After the Hokies went through their first mini-scrimmage of the spring Wednesday night, offensive coordinator Bryan Stinespring stood in front of his unit to deliver a message reminding them of the work that lay ahead. Virginia Tech is getting acclimated with an all-new supporting cast around quarterback Logan Thomas, and during the 47-play dress rehearsal at Lane Stadium that was closed to the media, apparently that inexperience showed.

“It’s a journey that we’re going on, and this is a process. There’s gonna be some bumps along the road,” Stinespring said. “But we’ve got to keep pressing forward and stay the course. I can assure you, we have a lot of work to do.”

That sentiment was echoed by Coach Frank Beamer, who called the first live action of the spring, “ragged.” But it was the offense that became the focus when the Hokies met with reporters, because of the uncertainty surrounding the unit outside of Thomas’s potential under center.

Stinespring said Wednesday night that tempo has been a huge point of emphasis during Virginia Tech’s first five practices of the spring, and that the team is working more spread principles into the offense.
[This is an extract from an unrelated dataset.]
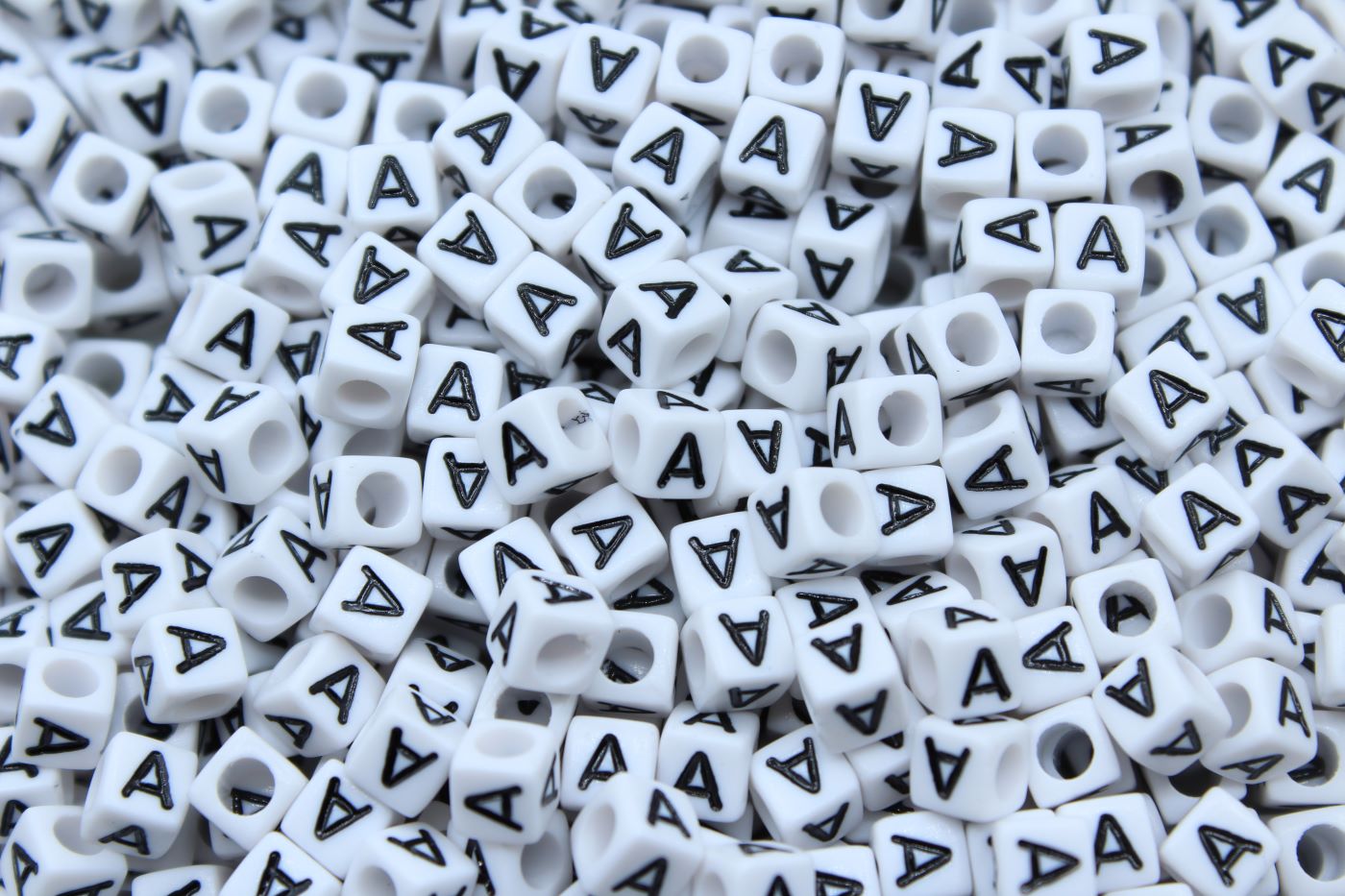 Alphabet Cube – 6mm – A – White / Black. Large hole. Plastic bead. 6mm size. Cube shape.

Minor offseason scheme alterations are commonplace throughout college football, and these particular changes are due in part to the Hokies’ visit with Texas offensive coordinator Bryan Harsin, who before last season held the same position at Boise State. But Stinespring was quick to point out that Virginia Tech’s overall offensive philosophy remains the same as it has been during the 26 years Beamer has been in Blacksburg.

“We haven’t fully defined nor are we attempting to define the scope of that tempo,” he said. “I don’t think it’s an experiment, but I do know this: We’re trying to increase our tempo in everything that we do. We’ve worked a lot of spread sets in conjunction with our fullback and tight end based sets. But we’ve really explored a lot in the offseason, made some adaptions and some adjustments and just some spread and tempo.”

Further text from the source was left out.